The Man in the Well Resp.

Ira Sher's "The Man in the Well" is mysterious and frightening.  The children find a man trapped in a well while they are playing in an abandoned lot.  Without even speaking, the children, who are presumably about nine years old, decide that they will not help the man.  The author calls attention to this point, but also makes it seem like one of the most sensible decisions in the story.  The decision to leave a grown man in a well could be interpreted as displaying the cruelty of the young children- a disturbing but "fun" and "cheery" form of cruelty that takes me back to of Shirley Jackson's "The Lottery".  In this case, the story would be about the cruelty of children, the false innocence that they can wear like a disguise, or the things children could do to adults if they had the higher ground.  The other way of interpreting the decision would be to examine what the man in the well represents.  He seems to be seen as a monster by the children instead of a man. The fact that we never see the man and there is never any dialogue between adults and the man leads me to believe the man could be imagined entirely by the children, or perhaps this is a commentary by Ira Sher on how adults often assume that children are imagining things, as this is most likely a conclusion that many readers will come to.  Most monsters are in dark, chilly places, such as under a bed or the back of a closet.  The bottom of the well is a perfect place for a monster.  Children are both fixated and utterly terrified of monsters.  There was some unspecified reason the children in the story kept returning to the well, even though they would most likely go running off in a panic and they were all so obviously scared and nervous around the well.  One possible explanation for the monster theory is that the parents of the children, who lived in walking distance and knew the children might play in the abandoned lot, conjured up a story about a monster who lives in the well to keep the children from going near the well and falling in.
Another interesting aspect of the story is how important anonymity was to both the children and the man.  In fact, we never do learn the narrator's name.

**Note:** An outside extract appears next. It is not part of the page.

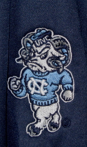 光沢のあるダークネイビーの生地に、大学名、NCロゴがパッチワークで、チーム名は光沢のあるホワイトで刺繍されています。左袖にマスコットの羊が刺繍で入れられております。

Perhaps we can assume that it is Ira's point of view, but her name does not quite fit in with the other English names (David, Charles, Arthur, Wendy).  Not revealing their names had been "one of the rules"(118), and when Aaron discovered that his name had been discovered by the man, he felt betrayed enough to turn on the entire group.  The man in the well does not even have a face to put to the name, but he makes a big deal out of interrogating the children for their names, as well.  The two peculiar things the man from the well inquires are what their names are and whether it will rain.  I at first assumed that he was obsessed with the possibility of rain because he was thirsty, but the story's ending made me believe that the rain filled up the well and drowned the man or the man was able to swim up and out of the well.
Perhaps the strangest line in the story, and the one from which the most questions arise, is "but he wasn't going to help us now" (120).  This is after the man knows all of their names, and he is apparently now very much in control.  Knowing the children's  names gave him power of them.  Now the children needed help, but he was not going to give it to them.  Perhaps this is the beginning of his revenge on the children.  He asks, "Why didn't you tell anyone?"(120) and he seems so menacing to the children.  The abandoned lot becomes dark and the children are frightened.